* _What needs to be done_
Once you find the line with "Triumph TR4 venstre" in the entries below, return exactly every line from it through the line with "Women's Retro Large".

Given data START

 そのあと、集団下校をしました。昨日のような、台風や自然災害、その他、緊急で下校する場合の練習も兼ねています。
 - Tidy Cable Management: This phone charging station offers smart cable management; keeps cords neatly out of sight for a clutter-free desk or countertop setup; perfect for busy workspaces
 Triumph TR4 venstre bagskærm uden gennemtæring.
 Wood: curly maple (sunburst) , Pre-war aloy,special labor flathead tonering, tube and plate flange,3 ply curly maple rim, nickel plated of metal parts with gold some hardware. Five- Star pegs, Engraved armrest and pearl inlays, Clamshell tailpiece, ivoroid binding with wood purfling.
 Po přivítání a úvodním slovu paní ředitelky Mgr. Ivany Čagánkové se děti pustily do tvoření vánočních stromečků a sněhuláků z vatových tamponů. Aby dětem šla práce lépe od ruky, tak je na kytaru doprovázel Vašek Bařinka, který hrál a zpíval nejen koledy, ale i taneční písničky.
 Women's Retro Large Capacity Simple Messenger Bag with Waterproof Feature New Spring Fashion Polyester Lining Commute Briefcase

Given data END
Given data START

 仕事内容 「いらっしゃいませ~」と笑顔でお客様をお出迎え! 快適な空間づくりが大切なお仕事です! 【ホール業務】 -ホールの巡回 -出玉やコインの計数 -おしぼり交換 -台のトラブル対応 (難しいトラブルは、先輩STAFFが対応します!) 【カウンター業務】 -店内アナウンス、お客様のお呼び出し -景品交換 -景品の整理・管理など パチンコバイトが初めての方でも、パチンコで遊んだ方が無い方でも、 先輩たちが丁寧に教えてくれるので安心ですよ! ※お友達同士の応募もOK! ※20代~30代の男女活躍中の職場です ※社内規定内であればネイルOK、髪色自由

Given data END

* _Task response_
 Triumph TR4 venstre bagskærm uden gennemtæring.
 Wood: curly maple (sunburst) , Pre-war aloy,special labor flathead tonering, tube and plate flange,3 ply curly maple rim, nickel plated of metal parts with gold some hardware. Five- Star pegs, Engraved armrest and pearl inlays, Clamshell tailpiece, ivoroid binding with wood purfling.
 Po přivítání a úvodním slovu paní ředitelky Mgr. Ivany Čagánkové se děti pustily do tvoření vánočních stromečků a sněhuláků z vatových tamponů. Aby dětem šla práce lépe od ruky, tak je na kytaru doprovázel Vašek Bařinka, který hrál a zpíval nejen koledy, ale i taneční písničky.
 Women's Retro Large Capacity Simple Messenger Bag with Waterproof Feature New Spring Fashion Polyester Lining Commute Briefcase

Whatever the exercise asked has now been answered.